The committee board of directors for the Iditarod Trail dog sled race confirmed on Wednesday that dogs that had mushed at this year’s race had tested positive for the banned opioid pain reliever Tramadol, the Associated Press reports.
The board specified the substance in question after confirming last week that dogs from the same team had returned positive results, following testing at the finish line of the 1,000-mile trek in Alaska in March.
It is the first time since testing procedures were introduced in 1994 that dogs have returned positive results for banned substances at the event.
Officials have refused to name the musher, reportedly over doubts that they could prove that he deliberately administered the drug.
Aaron Burmeister, an Iditarod board member and musher, said Wednesday that as long as the participant remained unnamed, everyone would fall under suspicion.
“It’s not a good situation,” he said. “I’m hoping that we can turn a positive light on it and the musher steps forward,” AP reports.
Mushers know that dogs will be subject to random testing during the race as well as at the finish line, and there has been speculation that a fellow competitor may have administered the substance to sabotage a rival’s chances.
Burmeister, however, questioned this theory, saying: “As a musher, why would another musher give their competitor a performance-enhancing drug?”
The Iditarod began in 1973, and takes competitors across arduous Alaskan terrain in sub-zero temperatures and gale-force winds.

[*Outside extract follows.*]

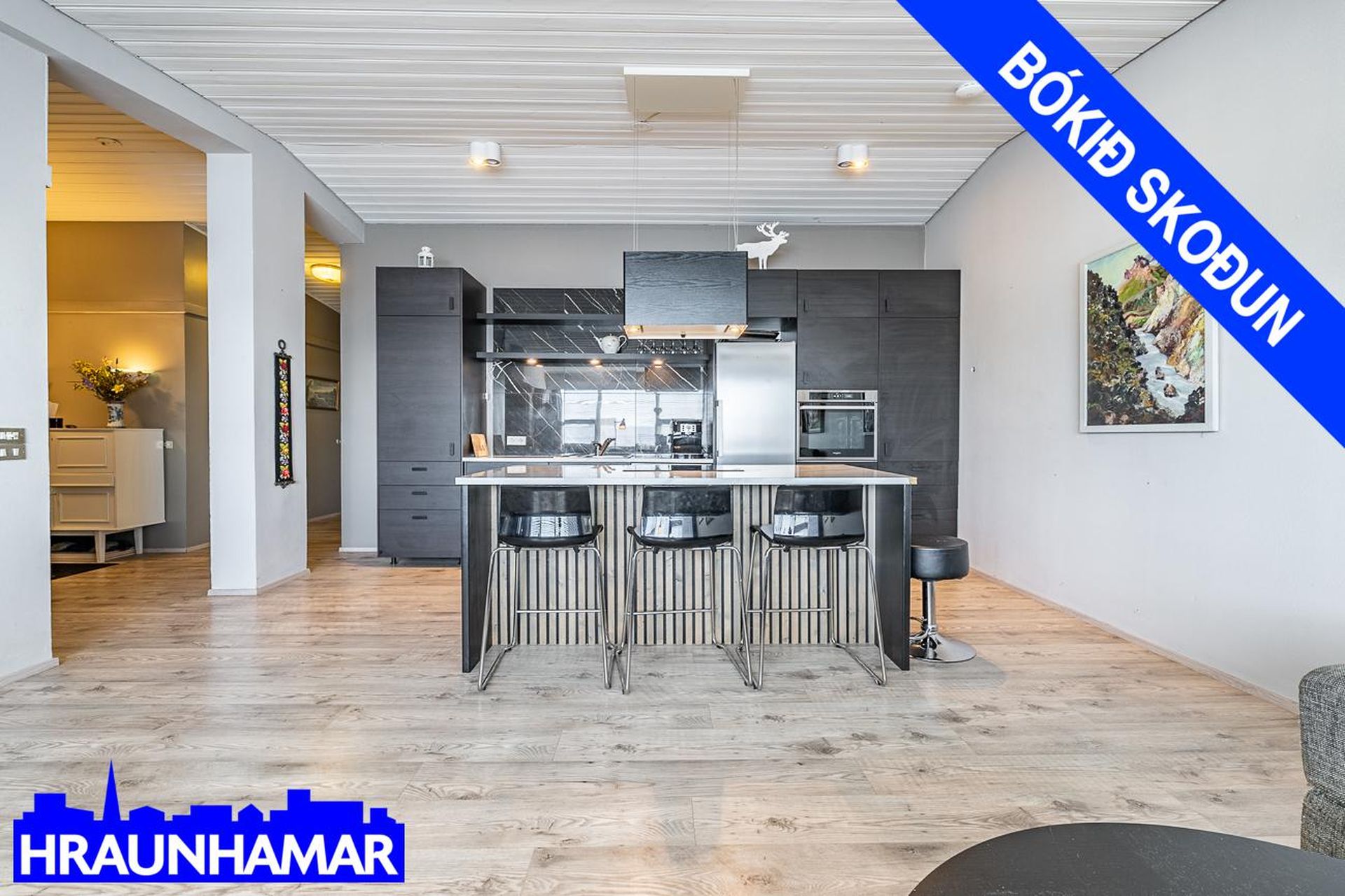 Hraunhamar fasteignasala kynnir: Rúmgóða og fallega 116,5 fm 4ra herbergja íbúð á 3. hæð(efstu) í verslunar og íbúðarhúsi við Dalshraun 5, Hafnarfirði. Staðsetning er góð, stutt í alla þjónustu ofl. suð-vestur svalir. Lýsing eignar:Forstofa með skáp.Rúmgott hol. Stórt og bjart alrými þar sem eldhús er opið inn í stofu. Nýleg eldhúsinnrétting með rúmgóðri eyju. Útgengt frá stofu út á stórar sólríkar svalir. Þrjú mjög rúmgóð svefnherbergi. Eitt með fataherbergi inn af þar sem er handlaug. Flísalagt baðherbergi með upphengdu salerni, innréttingu og baðkari með sturtuaðstöðu í. Nýleg gólfefni. Harðparket. Hátt til lofts í íbúðinni. Þvottahús með innréttingu. Geymsla er innan íbúðar.Búið er að breyta íbúðinni frá upprunalegum teikningum. Eldhús fært í alrými og bætt við þriðja svefnherberginu. Góð sameign, hús virðist í all þokkalegu ástandi að utan. Góð staðsetning miðsvæðis. Góðar svalir. Fasteignamat næsta 2024 er 65.800.000 kr. Nánari uppl. gefur Glódís Helgadóttir í s. 659-0510 eða á netfangið og Helgi Jón Harðarson sölustjóri í s. 893-2233 eða Skoðunarskylda: Í lögum um fasteignakaup nr. 40/2002 er kveðið á um ríka skoðunarskyldu kaupenda á fasteignum. Hraunhamar fasteignasala vill benda væntanlegum kaupendum á að kynna sér vel ástand fasteigna fyrir kauptilboðsgerð og ef þurfa þykir að leita til sérfræðinga fyrir nánari ástandsskoðun.Gjöld sem kaupandi þarf að standa straum af vegna kaupanna:1. Stimpilgjald af kaupsamningi, fyrstu kaup (0,4%), almenn kaup (0,8%), lögaðilar (1,6%) af heildarfasteignamati.2. Þinglýsingargjald af kaupsamningi, veðskuldabréfi, mögulegu veðleyfi o.fl. – kr. 2.700 kr. af hverju skjali.3. Lántökugjald lánastofnunar er skv. verðskrá viðkomandi lánastofnunar.4. Umsýslugjald til fasteignasölu skv. þjónustusamningi Hraunhamar er elsta fasteignasala Hafnarfjarðar, stofnuð 1983 og fagnar því 40 ára afmæli á árinu 2023. Hraunhamar, í fararbroddi í 40 ár. – Hraunhamar.is

The teams consist of a musher and 16 high-performance sled dogs.
It typically takes between eight and 15 days for competitors to complete the route from Settler’s Bay to Nome on Alaska’s southern Seward Peninsula coast.
Musher Burmeister, who missed this year’s race, hopes that the scandal will not detract from the respect people have for the event and its participants, canine and human.
“I just hope that people look at the big picture and realize that mushers out there are not doping their dogs,” he said. “This is an isolated incident.”